(Records drawn from a dataset)
* * * *

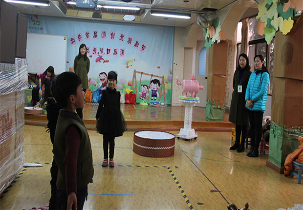 随后,朱园长还观看了我园将赴上海参加比赛的OM节目表演,朱园长对于手工制作的舞台道具、童趣十足的戏剧服装、惟妙惟肖的稚趣表演给予了高度的评价,同时也提出了宝贵的意见。朱园长强调OM表演不是简单的背故事、念对白,也不是热热闹闹的歌舞表演。正是由于OM特色活动符合儿童心理发展的特征,因此极容易打动幼儿,让幼儿不自觉地沉浸其中,这就需要老师们在具体的实践中能根据幼儿身心发展的需要,引导幼儿根据剧本的情节和角色设计进行改编活动,从而在OM表演过程中促进幼儿身心健康和谐发展。
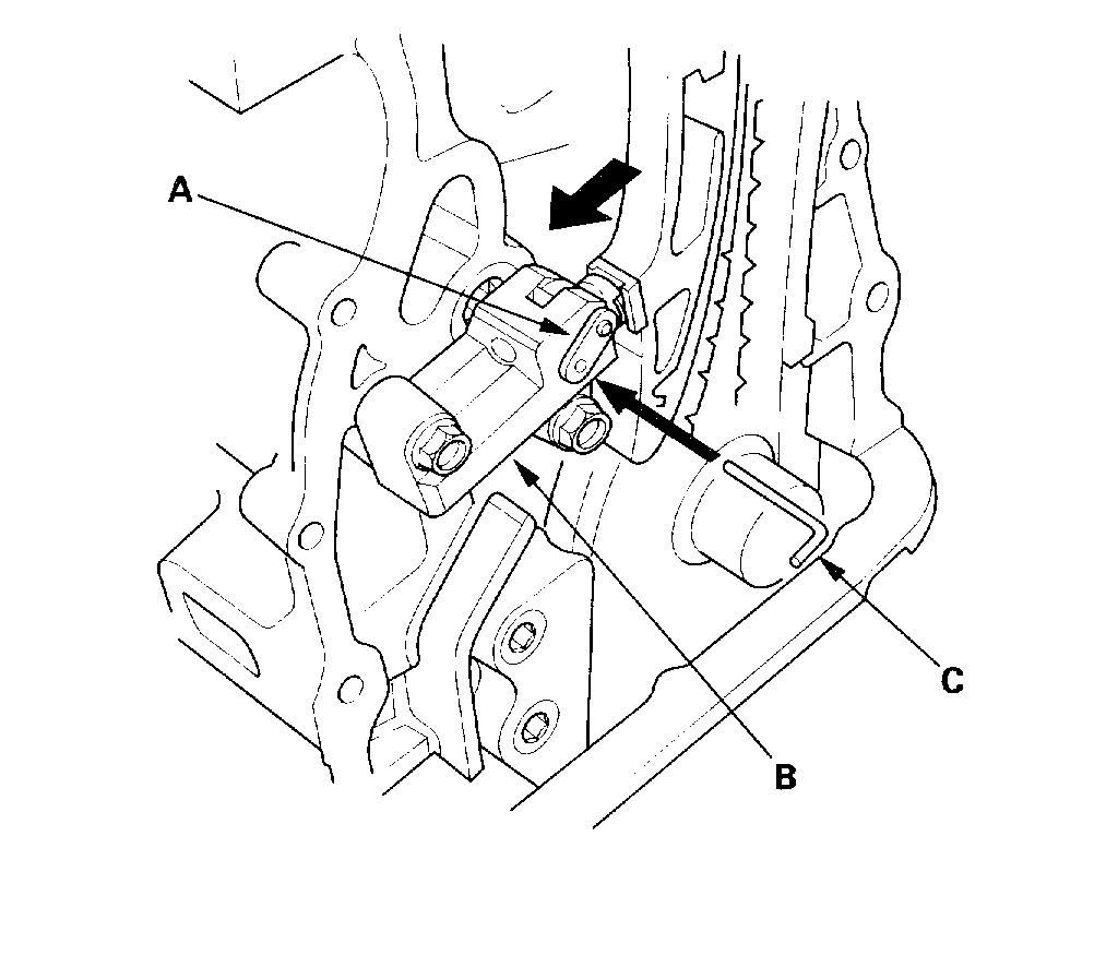 15. Align the holes on the lock (A) and the auto tensioner (B), then insert a 1.5 mm (0.06 inch) diameter pin (C) into the holes. Turn the crankshaft clockwise to secure the pin.
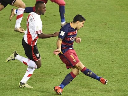 Tres goles del uruguayo dan la victoria a los de Luis Enrique, que se imponen al Guangzhou con las ausencias de Messi y Neymar
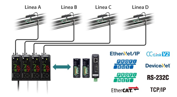 Le specifiche standard includono un sistema di valutazione a 3 uscite indipendente e un’uscita di tensione/corrente analogica per raccogliere e trasmettere il volume di elettricità statica del target, nonché i dati di temperatura e umidità dell'area circostante. Grazie ad un’unità di comunicazione, è possibile trasmettere contemporaneamente i dati da un massimo di 8 unità principali e unità di espansione collegate. La capacità di leggere i dati e riscrivere le impostazioni da PC e da PLC contribuisce a ridurre in modo significativo le ore di lavoro richieste per la configurazione e la messa in funzione del sensore.
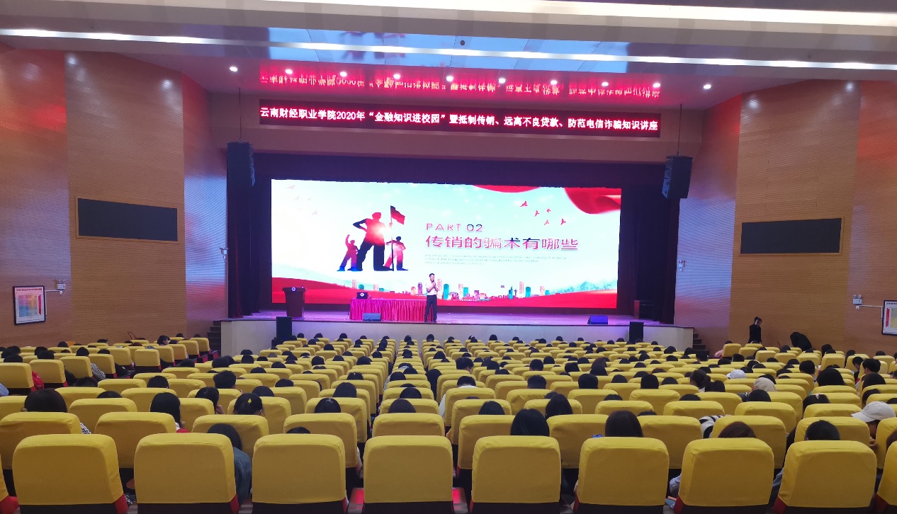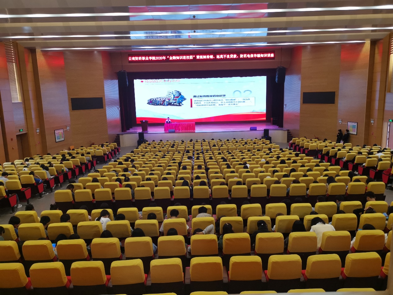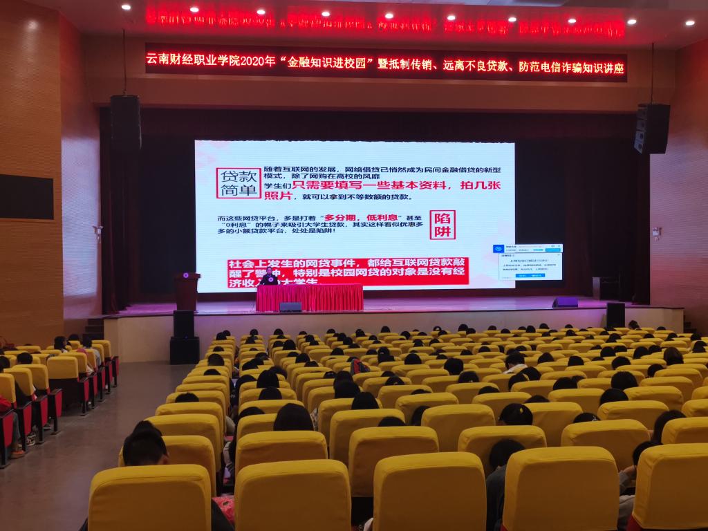 10月25日下午,由云顶yd222线路检测和中国邮政储蓄建设银行共同主办的“抵制传销、远离不良贷款、防范电信诈骗”金融知识专题讲座在学校大礼堂举行。中国邮政储蓄银行盘龙区支行及学生工作部(学生处)相关负责人,来自全校各学院的新生代表共计670余人参加知识讲座。
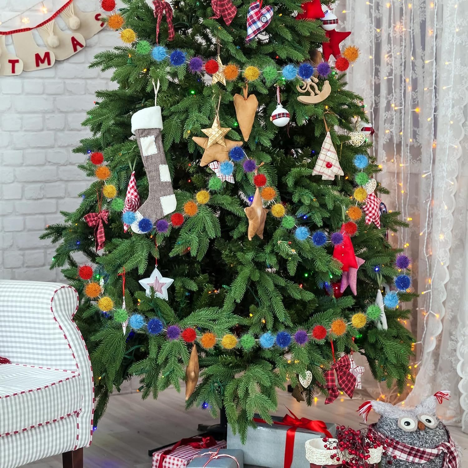 • Package Contents: You will receive 4 packs of 2m long glitter pom pom strings, each Christmas felt ball garland has 30 red, orange, yellow, green, blue, indigo and purple pom poms, and the size of each pom pom is 1 inch. The distance between the felt balls and the total length can be adjusted to meet your party decoration needs

* * * *

Goal of the exercise - Nothing but an exact copy is needed, covering the lines from the line with "Tres goles del" through the last line of the entries, pictures excluded.

Result for this exercise -
 Tres goles del uruguayo dan la victoria a los de Luis Enrique, que se imponen al Guangzhou con las ausencias de Messi y Neymar
 Le specifiche standard includono un sistema di valutazione a 3 uscite indipendente e un’uscita di tensione/corrente analogica per raccogliere e trasmettere il volume di elettricità statica del target, nonché i dati di temperatura e umidità dell'area circostante. Grazie ad un’unità di comunicazione, è possibile trasmettere contemporaneamente i dati da un massimo di 8 unità principali e unità di espansione collegate. La capacità di leggere i dati e riscrivere le impostazioni da PC e da PLC contribuisce a ridurre in modo significativo le ore di lavoro richieste per la configurazione e la messa in funzione del sensore.
 10月25日下午,由云顶yd222线路检测和中国邮政储蓄建设银行共同主办的“抵制传销、远离不良贷款、防范电信诈骗”金融知识专题讲座在学校大礼堂举行。中国邮政储蓄银行盘龙区支行及学生工作部(学生处)相关负责人,来自全校各学院的新生代表共计670余人参加知识讲座。
 • Package Contents: You will receive 4 packs of 2m long glitter pom pom strings, each Christmas felt ball garland has 30 red, orange, yellow, green, blue, indigo and purple pom poms, and the size of each pom pom is 1 inch. The distance between the felt balls and the total length can be adjusted to meet your party decoration needs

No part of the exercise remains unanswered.